The four other embryos produced were used to evaluate the potential for creating sperm and eggs from the genetic material of northern white rhino whose sex cells are not already available. While this only worked for southern white rhino embryos and not the hybrids, it did demonstrate the method could be successful.
As the first demonstration of this process working for rhino, the research is significant, impressive and exciting. It offers a possibility to rescue the genes of a subspecies that, following the death of the last male northern white rhino earlier this year, is now represented by just two elderly females. And if the method works for the rhino, it should be possible to extend it to other endangered large mammals.
The key question of whether scientists can produce pure northern white rhino embryos using this technique remains unanswered. But, even if it is possible, what would be the point? Ultimately, to be useful, these manipulative techniques need to increase the chance of survival of endangered (wild) animal populations. Otherwise, artificially engineered fertilisation and the management of genes has little value for nature conservation.
To my mind, the time to save the northern white rhino has passed. If we could not save it when it was here (the last wild northern white rhino is thought to have disappeared around 2006) it seems unlikely we could conserve a resurrected wild population now or in the foreseeable future. The purpose of simply preserving the subspecies’ genes in a new hybrid rhino (in captivity), and whether it would be worth all the effort, is unclear.
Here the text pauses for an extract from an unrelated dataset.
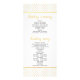 Moderna cerimônia de casamento e programa de festas. Esta design mostra folhas de Split Leaf Philodendron (Monstera deliciosa) ou de Queijo Suíço e folhas de palma em coral vivo com contorno de ouro. Um quadro branco com contorno dourado inclui seu texto. O verso exibe um padrão de bolinhas em ouro e branco.

Recent research by Dr Tate Tunstall of the San Diego Zoo Institute for Conservation Research and colleagues indicates that there may be enough genetic diversity in the frozen northern white rhino material (from only 12 individuals) to provide a suitably diverse founder population for resurrection. They also showed that the genetic differences between the northern and southern subspecies may be the result of evolutionary adaptations to different habitats.
An alternative strategy to resurrection would be to secure a safe habitat in the former northern white rhino’s range of central East Africa, populate it with southern white rhino and let natural selection run its course. The introduced rhino population would be expected to evolve over generations to adapt to their new environment and fill the ecological role left vacant by the northern white rhino.
There are already southern white rhino currently living and breeding in Uganda at the Ziwa Sanctuary. Restoration ecologists have similarly replaced extinct giant tortoises with related species in a process called taxon substitution. Taxon substitution using the southern white rhino would be simpler and more cost-effective than manipulating genes and introducing manufactured hybrids, and would likely have a higher probability of success.
I am concerned that new technologies, such as the creation of these hybrid rhino embryos, are distracting us from on-the-ground conservation and dealing with the root causes of endangerment. There is a growing pervasive psychology that we need to preserve genes for some utopian future. The desperate logic of mixing subspecies and applying assisted reproduction technology is also being discussed regarding the Sumatran rhino.
Saving bits of dead animal now to bring back species (or subspecies) in the future perpetuates the delusion that everything will be okay at some point. We need action now. Jurassic Park-esque scientific advances will only work if we save habitats, stop pollution, constrain invasive species, reverse climate change and halt poaching. Otherwise, I fear that we will still be loading samples onto the frozen ark as the lights go off on an otherwise empty Planet Earth.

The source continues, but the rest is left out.